In order to generate dots within an area, we'll need data on where our Dissemination Areas are and what they look like. Statistics Canada provides downloads of spatial files here, which can be filtered down by province or joined with a dataset:

Joining our CSV files to Dissemination Area boundaries.

Joining our CSV files to Dissemination Area boundaries

Now for the magic: The "Random Points in Polygons" tool (Vector > Research Tools) lets us (surprise) randomly place points in polygons, which in our case is our dissemination area file. The key is setting the "Number of points in each feature" value to a formula (little box on the right lets you select "Edit" under the expression heading. In my case, generated one for each demographic divided by 20:

Random Points in Polygons tool, with custom formulas.

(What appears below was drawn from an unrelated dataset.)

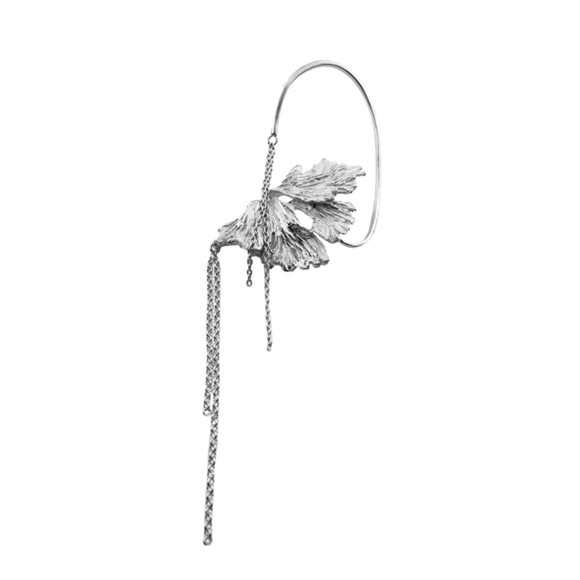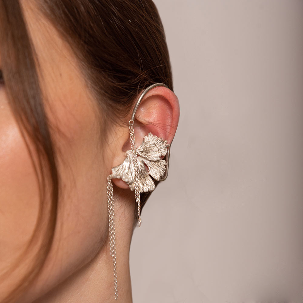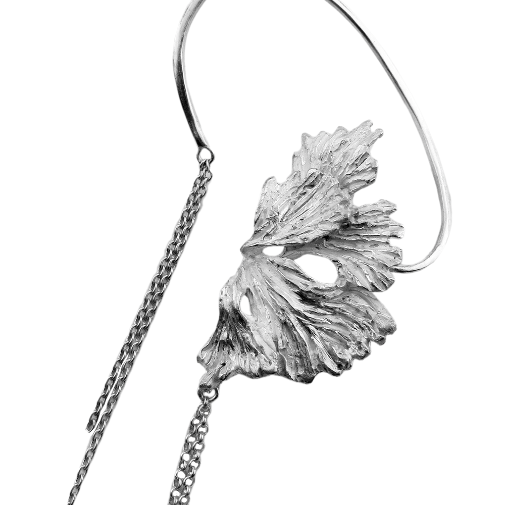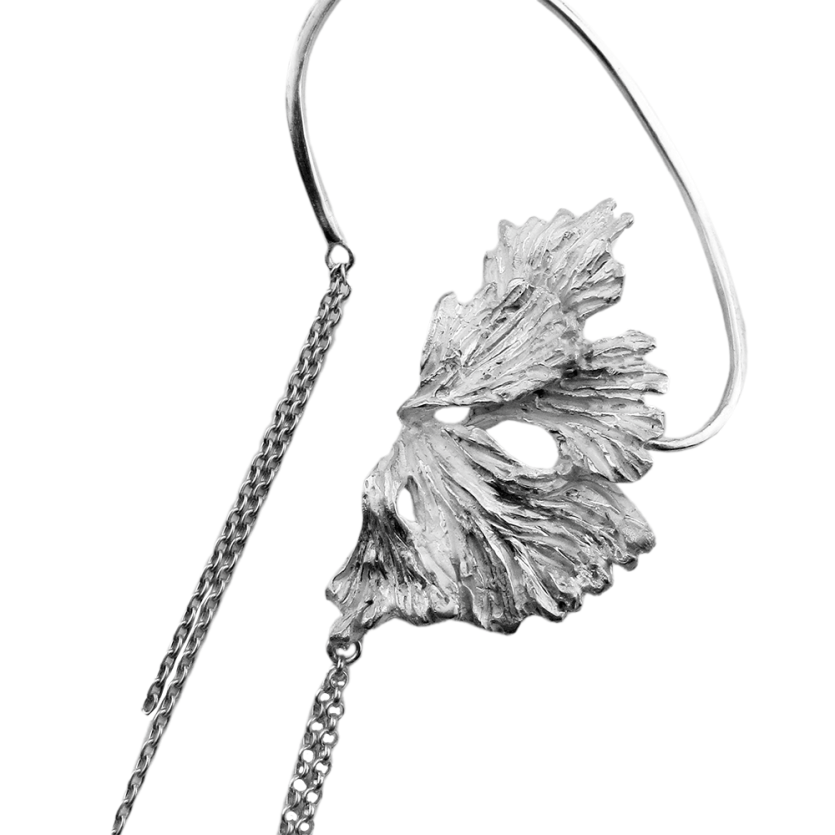 Čaroben uhan združuje prefinjenost in eleganco narave. Ovija se okoli ušesa v obliki čudovite gozdne gobe, ki se razteza v cvetoče oblike srebrnih detajlov in vašemu videzu dodaja kanček glamurja.

Random Points in Polygons tool, with custom formulas.

Final Thoughts

There's some improvements that I'd like to make, including finding ways to distribute dots within an area according to land use information, for example from open street map. This would avoid the inevitable appearance of points in an airport runway, for example, or in the middle of a park. This would require writing a custom function.

Generating these dot maps using Census information is relatively simple, and can be easily adapted to other categories such as income, language, ethnic origin, or journey to work. I think decision makers should have many permutations of these maps in front of them while they make policy and funding choices for their cities.